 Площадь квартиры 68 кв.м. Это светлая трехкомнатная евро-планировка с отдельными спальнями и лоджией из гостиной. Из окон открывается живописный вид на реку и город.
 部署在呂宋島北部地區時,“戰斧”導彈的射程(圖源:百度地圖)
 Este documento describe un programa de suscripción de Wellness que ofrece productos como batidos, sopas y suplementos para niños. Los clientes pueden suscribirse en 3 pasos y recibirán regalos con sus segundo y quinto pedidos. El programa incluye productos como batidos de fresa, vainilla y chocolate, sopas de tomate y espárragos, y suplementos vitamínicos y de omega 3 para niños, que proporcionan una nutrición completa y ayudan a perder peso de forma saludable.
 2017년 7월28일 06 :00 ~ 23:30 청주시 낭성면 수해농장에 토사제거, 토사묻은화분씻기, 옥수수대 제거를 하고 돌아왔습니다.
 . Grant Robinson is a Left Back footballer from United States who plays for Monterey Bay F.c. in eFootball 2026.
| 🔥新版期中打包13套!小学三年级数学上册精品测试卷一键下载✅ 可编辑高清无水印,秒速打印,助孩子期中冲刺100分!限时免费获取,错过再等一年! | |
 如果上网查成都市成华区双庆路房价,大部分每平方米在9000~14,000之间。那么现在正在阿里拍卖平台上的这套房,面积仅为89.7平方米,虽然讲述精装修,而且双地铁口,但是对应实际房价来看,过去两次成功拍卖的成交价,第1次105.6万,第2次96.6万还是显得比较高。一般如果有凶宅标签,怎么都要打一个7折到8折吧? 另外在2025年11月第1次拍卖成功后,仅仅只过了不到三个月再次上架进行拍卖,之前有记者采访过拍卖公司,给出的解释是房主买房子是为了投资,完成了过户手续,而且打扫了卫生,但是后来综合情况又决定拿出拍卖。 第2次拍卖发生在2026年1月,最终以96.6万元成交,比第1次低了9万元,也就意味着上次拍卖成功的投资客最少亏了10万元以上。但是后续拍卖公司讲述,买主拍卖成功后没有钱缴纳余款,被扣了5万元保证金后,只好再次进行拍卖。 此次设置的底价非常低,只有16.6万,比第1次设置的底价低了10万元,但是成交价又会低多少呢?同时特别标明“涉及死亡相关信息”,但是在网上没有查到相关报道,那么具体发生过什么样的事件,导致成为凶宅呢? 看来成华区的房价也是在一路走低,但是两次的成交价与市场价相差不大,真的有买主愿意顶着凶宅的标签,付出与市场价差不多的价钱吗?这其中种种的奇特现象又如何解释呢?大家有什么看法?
____
▶ [Work task] In the listing above, find the line containing "可编辑高清无水印,秒速打印,助孩子期中冲刺100分!限时免费获取,错过再等一年! | |"; that line and every line after it, through the last, are to be retyped exactly.

▶ [Final answer]
| 🔥新版期中打包13套!小学三年级数学上册精品测试卷一键下载✅ 可编辑高清无水印,秒速打印,助孩子期中冲刺100分!限时免费获取,错过再等一年! | |
 如果上网查成都市成华区双庆路房价,大部分每平方米在9000~14,000之间。那么现在正在阿里拍卖平台上的这套房,面积仅为89.7平方米,虽然讲述精装修,而且双地铁口,但是对应实际房价来看,过去两次成功拍卖的成交价,第1次105.6万,第2次96.6万还是显得比较高。一般如果有凶宅标签,怎么都要打一个7折到8折吧? 另外在2025年11月第1次拍卖成功后,仅仅只过了不到三个月再次上架进行拍卖,之前有记者采访过拍卖公司,给出的解释是房主买房子是为了投资,完成了过户手续,而且打扫了卫生,但是后来综合情况又决定拿出拍卖。 第2次拍卖发生在2026年1月,最终以96.6万元成交,比第1次低了9万元,也就意味着上次拍卖成功的投资客最少亏了10万元以上。但是后续拍卖公司讲述,买主拍卖成功后没有钱缴纳余款,被扣了5万元保证金后,只好再次进行拍卖。 此次设置的底价非常低,只有16.6万,比第1次设置的底价低了10万元,但是成交价又会低多少呢?同时特别标明“涉及死亡相关信息”,但是在网上没有查到相关报道,那么具体发生过什么样的事件,导致成为凶宅呢? 看来成华区的房价也是在一路走低,但是两次的成交价与市场价相差不大,真的有买主愿意顶着凶宅的标签,付出与市场价差不多的价钱吗?这其中种种的奇特现象又如何解释呢?大家有什么看法?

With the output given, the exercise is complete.